Our British Airways flight from Heathrow to Pulkovo International in St. Petersburg was a pleasantly short three hours. Our three-year-old son had graciously given up the window seat for once, and I felt my first real twinge of excitement as we hovered above the clouds and then began our descent into Russia.

That twinge faded pretty quickly as my Baroque vision of St. Petersburg was replaced immediately by the massive maze of gray Soviet-style apartment buildings that stretched as far as I could see interspersed with smoking stacks and the odd nuclear reactor tower. The airport was also smoky and dingy and poorly lit. It was almost like walking onto a Cold War movie set. Follow that up with the fact that we waited for an hour for our ride from the hotel…because “flights never get in early from London, they’re always late”…and my expectations were dropping by the minute.

But we did manage to resurrect them. We stayed at the Renaissance Baltic Hotel, which was half a block away from St. Isaac’s Cathedral and the Mariinksy Palace. We took an evening stroll among the outdoor Christmas lights after checking in to get our bearings and then returned to the hotel and ordered room service…a luxury that we afforded ourselves on more than one evening as it was the easiest thing to do with a tired preschooler.

The next day was our only full day in St. Petersburg, and I’d planned it out fairly carefully so that we’d be able to see the things we wanted. But it totally fell apart, as all well-laid plans do. We were an hour late getting out of the hotel after breakfast, and our first big outing was going to be to the Winter Palace, home of the Russian Tsars. Admission was a mere $17 USD and little ones were free. But we had been informed that it was free entry on the first Thursday of the month, which this day happened to be.

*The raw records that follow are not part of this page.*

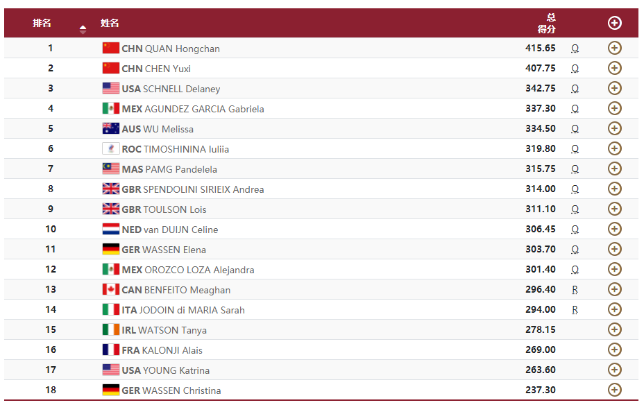 陈芋汐的最后一跳和队友选择一样的难度,同样以完美的收官得到86.40分,总成绩以407.75的分数排名第二晋级决赛。
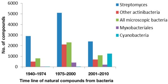 The period between 1940 and 1980 was recognized as the golden age of drug research, as several drugs were discovered in this era, like antibacterial, antifungal, antiviral, anticancer, antidiabetic, hypercholesterolemia, immunosuppressants, etc. [1,2,3]. In addition to their clinical utility, natural products are invaluable sources for nutrition [4], pigments as natural colors [5], and cosmetics [6]. The advancement of basic biological research to understand health and various diseases [7,8,9] led to the discovery of druggable natural compounds (NCs) from microbes. During the drug discovery era, around 200–300 NCs/year were found, and in the late 1970s, the rate was enhanced to ≈500 NCs/year. After the 1980s, the rate of drug discovery slowed down as it became harder to identify novel and useful NCs from the microbes (Figure 1).
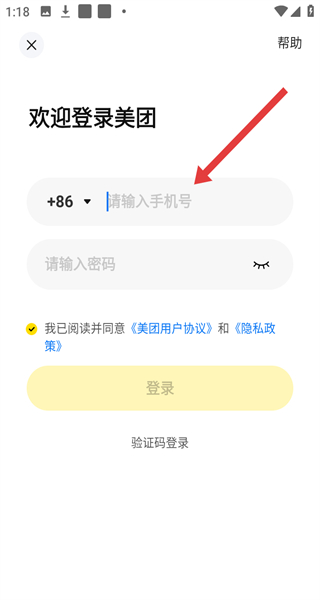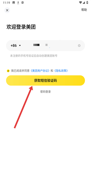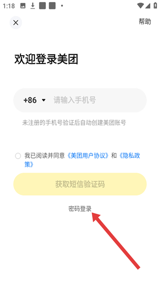 3、在密码登录页面输入手机号和密码,勾选“我已阅读并同意《美团用户协议》和《隐私政策》”。
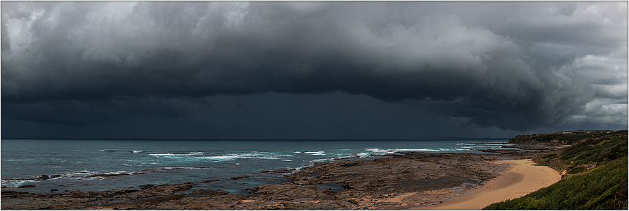 An approaching squall line bares down on the spectacular Bass Coast. In this image you can just make out Phillip Island's Cape Woolamai which is becoming engulfed by the intense rain core. |
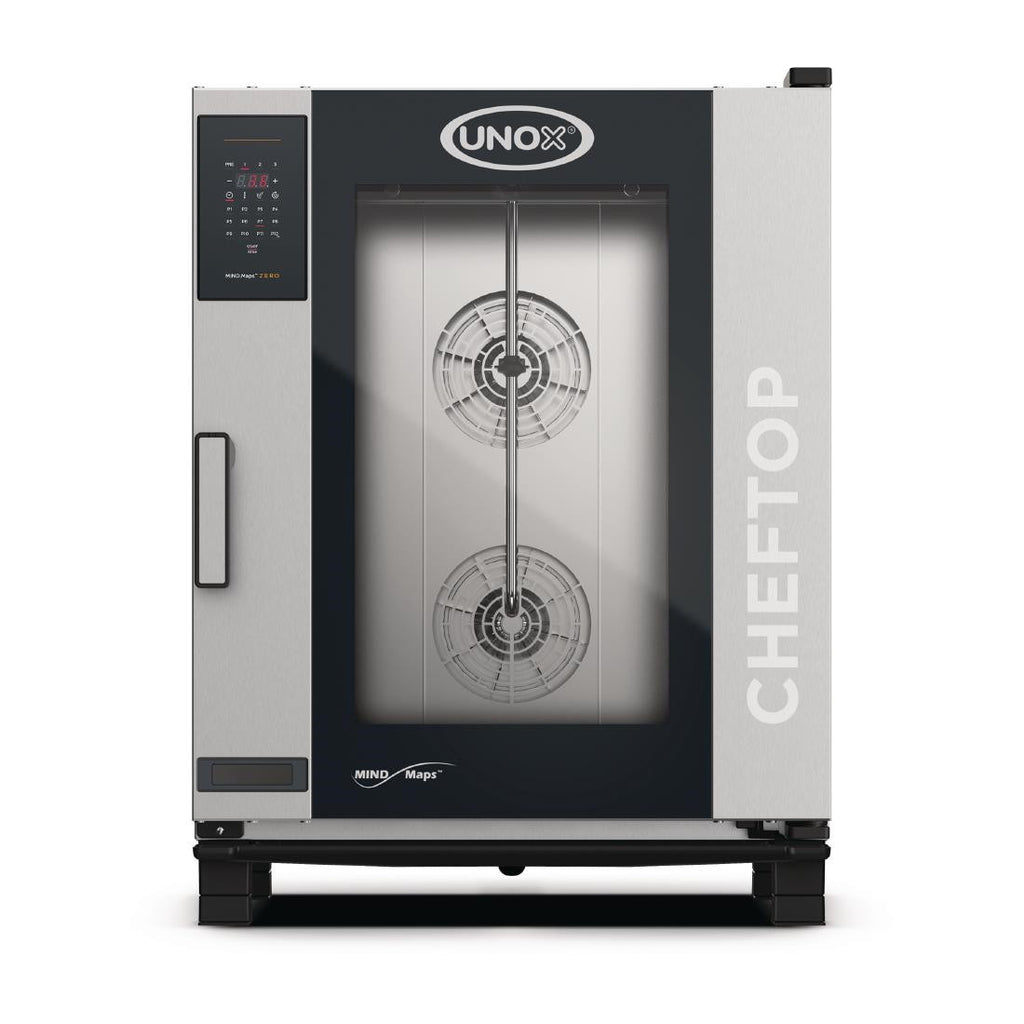 UNOX Cheftop Mind Maps ZERO GN 1/1 Right Hand Hinge 10 Tray Manual Cleaning Convection Oven with Humidity.750x783x1010 WxDxH (mm). The Cheftop is the combi oven that features everything that is essential and nothing that is superfluous. Simple to use, solid and efficient.

So after a leisurely stroll along the Neva River with a little playing in the snow (yay! a morning dusting!), we came to the Palace Square…and spent the next two and a half hours standing in line with the rest of the Russians that had shown up for free entry. Happily we had purchased thermal underwear before we left, so it wasn’t completely miserable. But it was 28 degrees, and by the last half hour even the Russians were starting to huddle together and jump up and down in the cold.

The visible portion of the line outside the Winter Palace...the other half of it stretched across the inside courtyard.

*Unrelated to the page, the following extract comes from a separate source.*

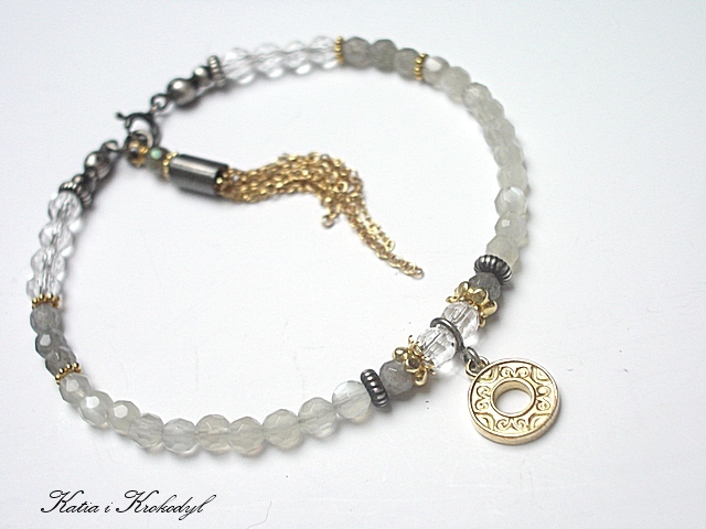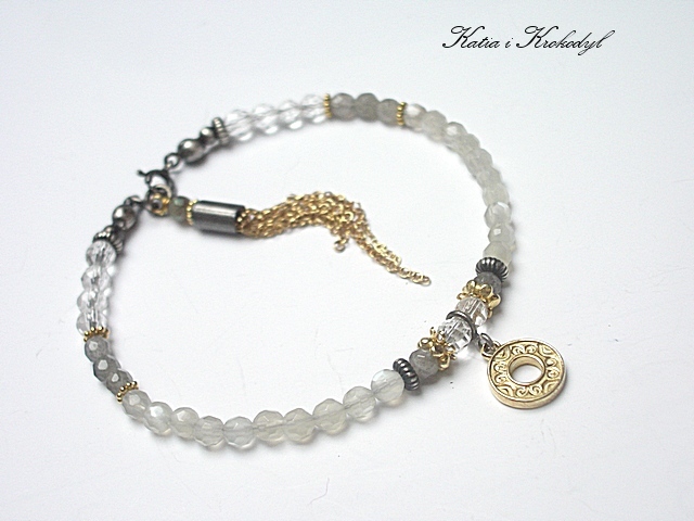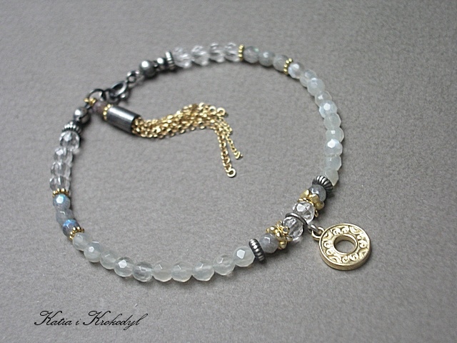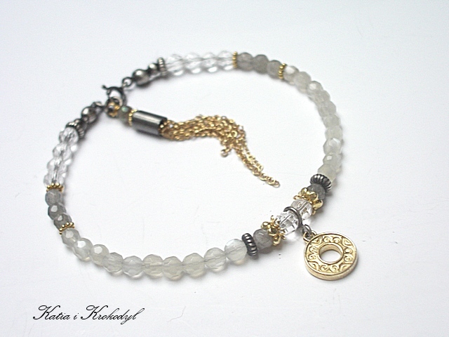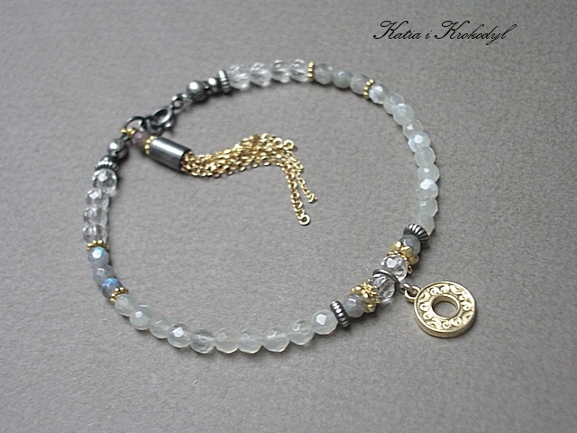 PRODUKT MARKI KATIA I KROKODYL. Bransoletka wykonana w całości ze srebra i srebra pokrytego 24k złotem [pr. 925] w połączeniu z fasetowanymi kuleczkami kamieni księżycowych [4mm], fasetowanymi kuleczkami labradorytów [4mm], kuleczkami kryształów górskich [4mm] oraz chwostem z łańcuszków. Srebro częściowo oksydowane i przetarte. Całkowita długość bransoletki 19,5cm. Biżuteria ozdobnie zapakowana

The visible portion of the line outside the Winter Palace…the other half of it stretched across the inner courtyard.

Our son did surprisingly well. Other than insisting that his daddy carry him all over the country, he didn’t fuss much, and he was content to view the world from the comfort of Daddy’s arms, napping occasionally on his shoulder.

And of course the Winter Palace was fantastic. After another 30 minutes waiting for the mandatory coat check, we finally got to wander the palace. It truly is one of the most beautiful buildings I’ve ever seen in my life. My favorite parts of the building were the Jacob Staircase, the Red Room and the Portrait Gallery. Of course, we only spent an hour in the palace, and you really could spend days walking up and down the halls.

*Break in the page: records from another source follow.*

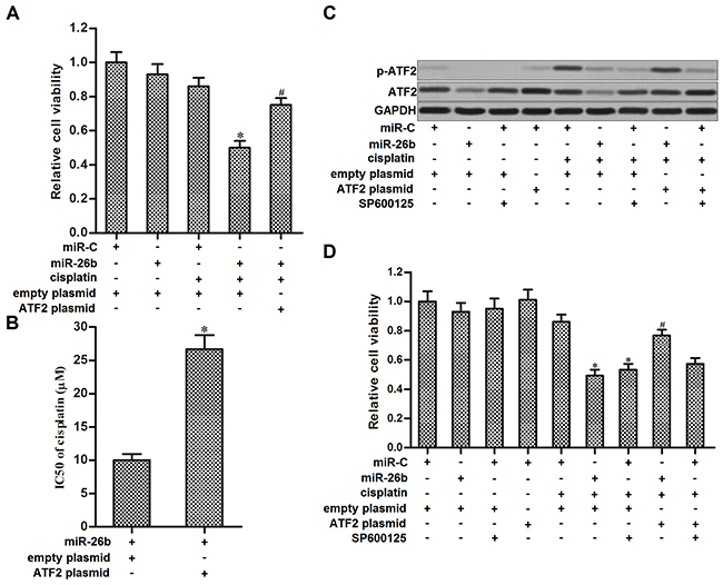 Figure 4: Overexpression of miR-26b sensitized Hep-2/R to cisplatin through inhibiting the phosphorylation of ATF2. (A) Hep-2/R cells were transfected with miR-26b and ATF2 plasmid before treated with cisplatin (10 μM). Cell viability was then measured by using MTT assays. *P<0.05 vs. cisplatin+miR-C+empty plasmid group. #P<0.05 vs. cisplatin+miR-26b+empty plasmid group. (B) Transfection with ATF2 plasmid increased the IC50 of cisplatin to Hep-2/R cells transfected with miR-26b. *P<0.05 vs. miR-26b+empty plasmid group. (C) Effect of cisplatin (10 μM), miR-26b, SP600125 (50 μM) and ATF2 plasmid on influencing the phosphorylation of ATF2 in Hep-2/R. (D) Effect of cisplatin (10 μM), miR-26b, SP600125 (50 μM) and ATF2 plasmid on influencing the cell viability of Hep-2/R. *P<0.05 vs. cisplatin+miR-C+empty plasmid group. #P<0.05 vs. cisplatin+miR-26b+empty plasmid group.
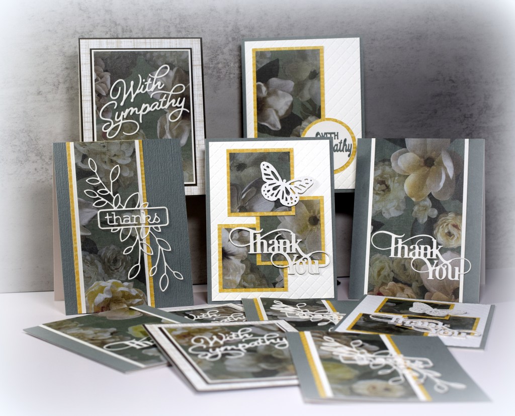 This was a fun project! There was not a drop of the patterned paper left over, and the simple sketches can be used on their own or with the template. And I have 11 cards ready to go!
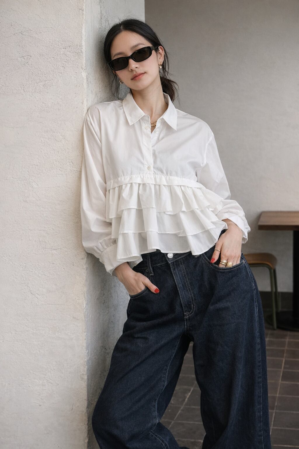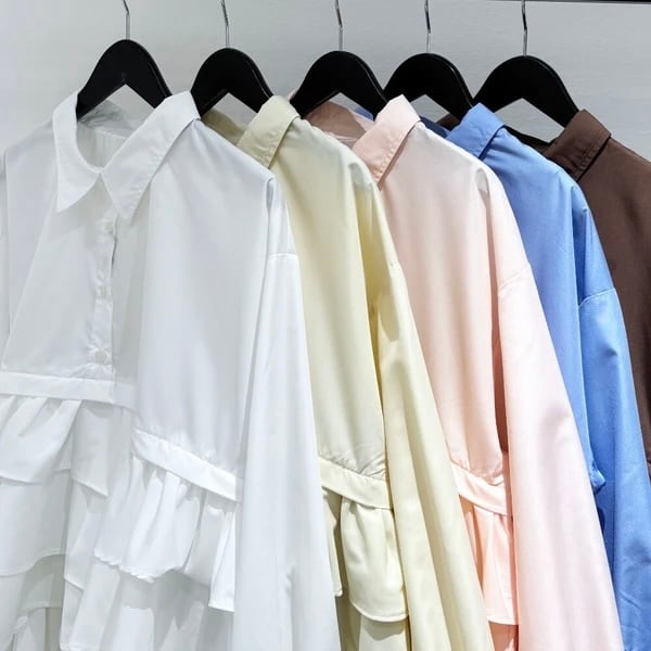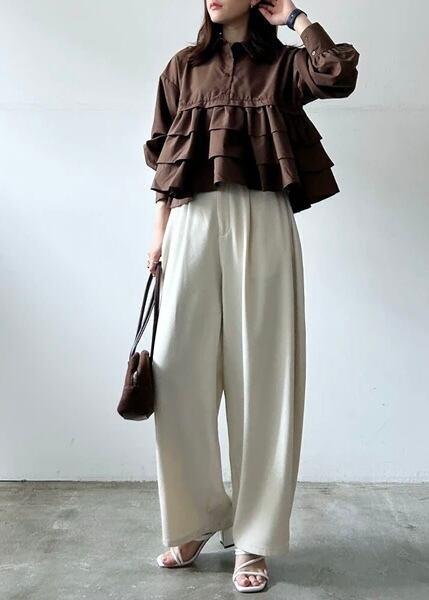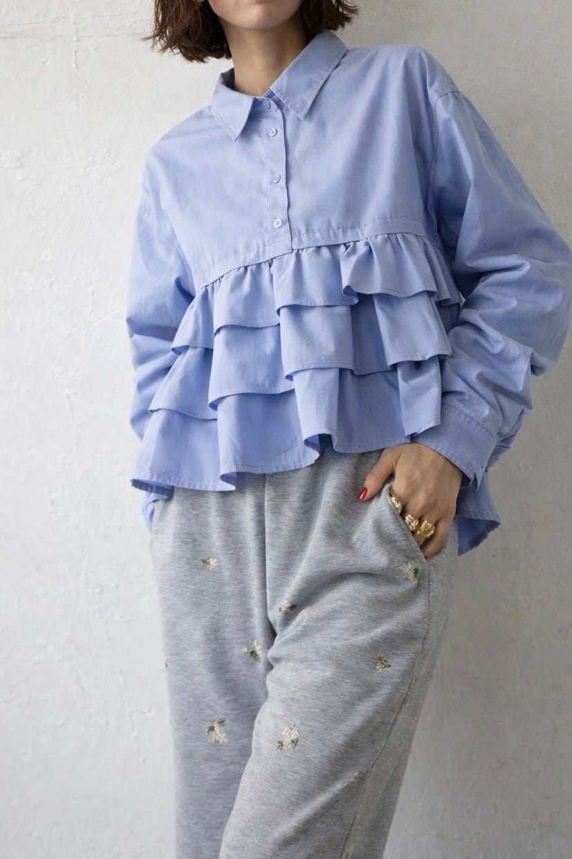 ティアードデザインが目を惹く、ブロード素材のフリルシャツ。

The Jacob Staircase inside the Winter Palace.

The Jacob Staircase inside the Winter Palace.

By this time my husband’s blood sugar was totally crashing, so we headed straight toward the café where I’d planned for us to eat lunch. It’s a gorgeous little place called the Café Singer inside the old Art Nouveau Singer sewing building. We had a short wait, and two overly-done-up girls in their 20s tried to edge in front of us, but we politely shot them down and ended up with a great table by the window with a view of the Kazan Cathedral. And the food was very tasty. My hubby had stuffed cabbage, our son even snacked on a few meat-filled dumplings, and I ordered the salmon tartar with cream cheese in a blini with red caviar.

View of the Kazan Cathedral from Cafe Singer.

View of the Kazan Cathedral from Cafe Singer.

And I was really looking forward to the caviar. I’d ordered the house special Eggs Benedict at the hotel that was supposed to have caviar, but it arrived without it…and there was none on the breakfast buffet like the hotel pictures showed. So I was happy to finally get my Russian caviar.

Salmon tartar and cream cheese in a blini with red caviar.

Salmon tartar and cream cheese in a blini with red caviar.

I did have one little meltdown around this time when it took the waitress 45 minutes after our meal was over to bring my hubby the cup of coffee that he’d ordered. It was now after 5:00, and we had a dinner reservation at 6:30pm at one of the best steakhouses in town that even had a children’s room. Obviously we weren’t going to make it…and wouldn’t have been hungry if we had. But I didn’t want to leave them hanging. We weren’t able to get internet or any kind of phone reception on our cell, so I felt really badly when we finally got back to the hotel and the concierge informed us that they’d been holding our table for over an hour.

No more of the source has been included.